Bioluminescence

©Paul o’Dowd, 2013

Bioluminescence

 In many environments, various organisms emit a ghostly green, blue, yellow or even red radiance.

 On the reef and in the rainforest, bioluminescent displays are an important feature of the nocturnal landscape.

 The spooky emanations may appear as points of light, blinking or otherwise, dotting the rainforest floor.

 It may look like inexplicable patches of moonlight under the rainforest canopy on a moonless night.

 It may appear as flashing pin-points of brilliance, carving punctuated tracks through the gaps in the vegetation.

 Some generators of this living light will flock into large groups that shimmer with random scintillations which occasionally become synchronized, causing pulses of light to course through the collective.

 Sometimes, simply moving through certain environments can result in vivid blue emissions which leave persistent glowing records of your passage.

 In each of these cases, the light is being emitted by an amazing chemical reaction which appears to have evolved independently in a number of very different organisms.

 Some important ideas in chemistry are very useful at this point.

 For a chemical reaction to occur there needs to be enough energy available to drive the process.

 Some reactions happen easily, like acid eating limestone, just drop it in and it’ll be white froth in seconds. Other reactions need a push, like scrubbing poisons from your car exhaust, which requires heat and a controlled environment and a catalyst.

 Catalysts help reactions to occur by holding the reactants in exactly the state they need to be in, in order to react.

 Enzymes are biological catalysts.

 Organic pigments called “luciferins” can, under certain conditions, react with oxygen to produce light.

 These conditions are not easily arranged for inside living tissues because this reaction requires lots of energy to kick it off.

 Enzymes, collectively referred to as “luciferase”, catalyze the reaction, lowering the energy required for the process and bringing it within the energy budget available to cells.

 Various approaches to bioluminescence include the addition of other chemicals like ATP to help energize the reaction or modify the colour of the light it produces, but luciferin, luciferase and oxygen are the basis of the reaction.

 Bioluminescence serves many functions in nature.

 Fireflies flash their lights as signals to mates and rivals.

 They can also form large tree-bound swarms that become semi-synchronized, and in such a state the light may serve as a means of coordinating the group for social or reproductive purposes.

 Flashlight fish do something very similar. They swim in dense schools which display a bright scintillating flicker across the school.

 As the fish approach other animals they begin to coordinate their flashes and gradually fall into perfect pulsing synchrony. As the school passes, the pattern falls apart and the random scintillations once again come to dominate the display.

 This behaviour probably serves to keep the school together on their nocturnal meanderings and probably has a defensive function by either dazzling, confusing or intimidating would-be predators.

 It might also help to illuminate prey or even light the way.

 Various deep sea fish use their light production skills to directly illuminate their world for finding food and for hazard detection and avoidance.

 Recently, red bioluminescence was discovered in a number of deep sea fish including anglerfish and dragonfish.

 Most fish do not see the colour red.
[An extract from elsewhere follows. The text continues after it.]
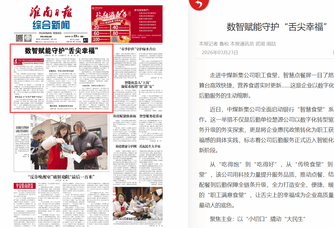 走进中煤新集公司职工食堂,智慧点餐屏一目了然,智能结算台高效快捷,营养食谱实时更新……这是企业以数字化改革赋能后勤服务的生动缩影。

Their eyes are not equipped with the hardware to detect light of that wavelength.

 The fish with red lanterns are also equipped with eyes sensitive to red light.

 The ability to produce and perceive red light provides these fish with a band of illumination that none of their prey, or their own predators, can perceive. This represents a stealth vision system on par with any radar or night goggles the military might devise.
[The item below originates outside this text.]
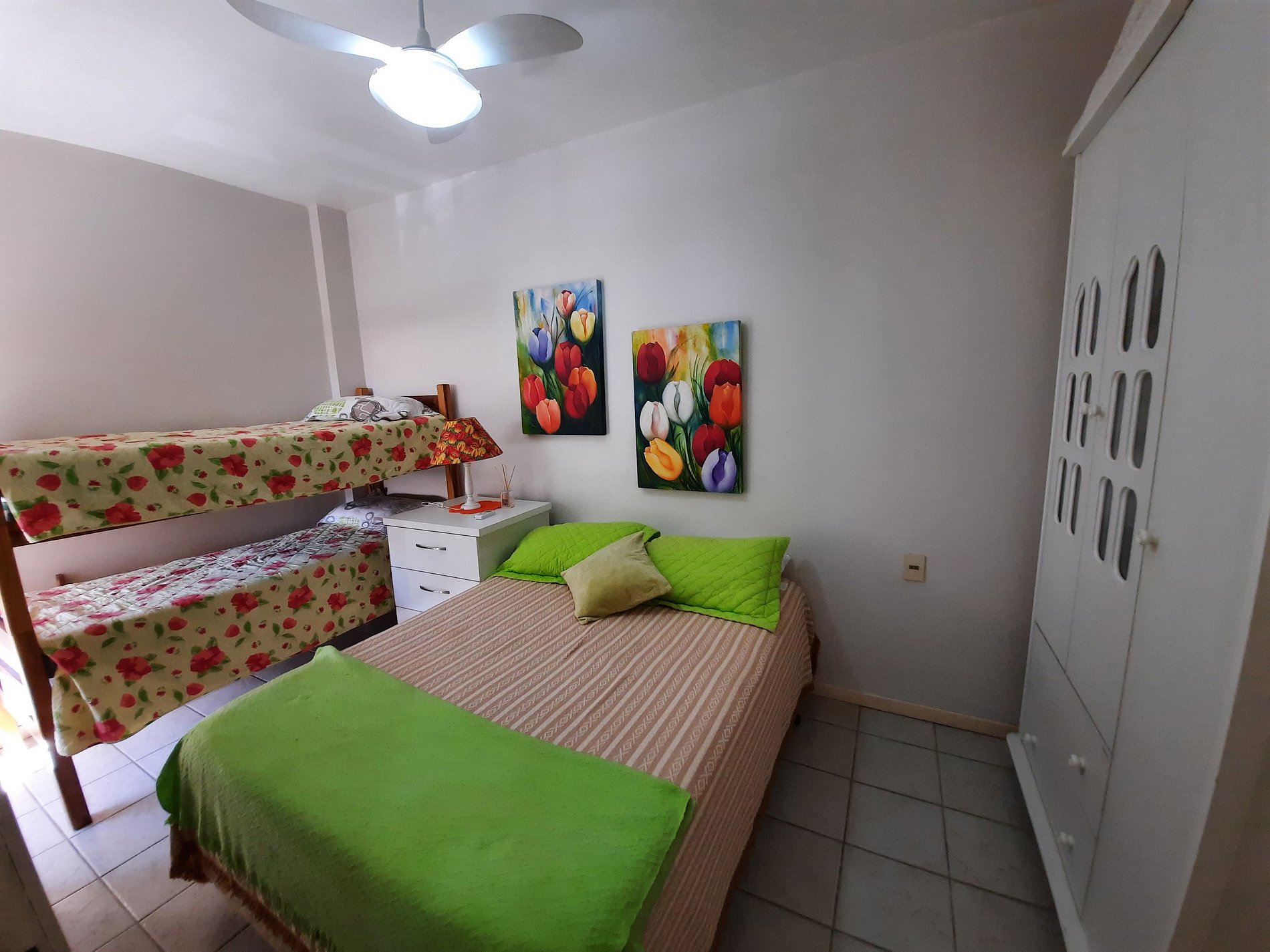 01 dormitório com 1 cama de casal e 1 beliche, roupeiro e ar condicionado;

 Just as stealthy is the emission of light as a means of camouflage.

 When viewed from below, objects in the ocean appear as clear silhouettes against the even illumination of the surface.

 A carefully tuned emission of light from the lower surface of many fish enables them to blend into the luminous background of the surface, making them nearly invisible when viewed from below.

 The sudden appearance of bright light can perturb many small predators. This may be due to the fear of higher order predators noticing the action and popping by.

 Many small marine creatures and a good number of forest invertebrates, appear to produce light for this reason, highlighting to anyone watching, a spot in the landscape where something is going on.

 Glow worms in the rainforest are in fact larval fireflies which are themselves, not flies but beetles. They produce a steady, or slowly pulsing, bead of light in the leaf litter.

 Many predators of insect larvae seek their prey amongst the dark environment of the forest floor. They seek out dark places and have little love of the light.

 An animal with an aversion to light is described as “negatively phototactic”.

 The glow worm may be employing a repulsive defense against the dark loving predators of the rainforest leaf litter habitat.

 On a similar note, and still within the rainforest, fungi are amongst the best known bioluminescent organisms.

 Different parts of a fungus may glow.

 In some cases the mushroom produces sharp pinpoints of relatively bright light.

 In others, the microscopic threads, or mycelium, of the fungus, produce dim and diffuse patches of light that look like moonlight striking the rotting humus through which the mycelium grows.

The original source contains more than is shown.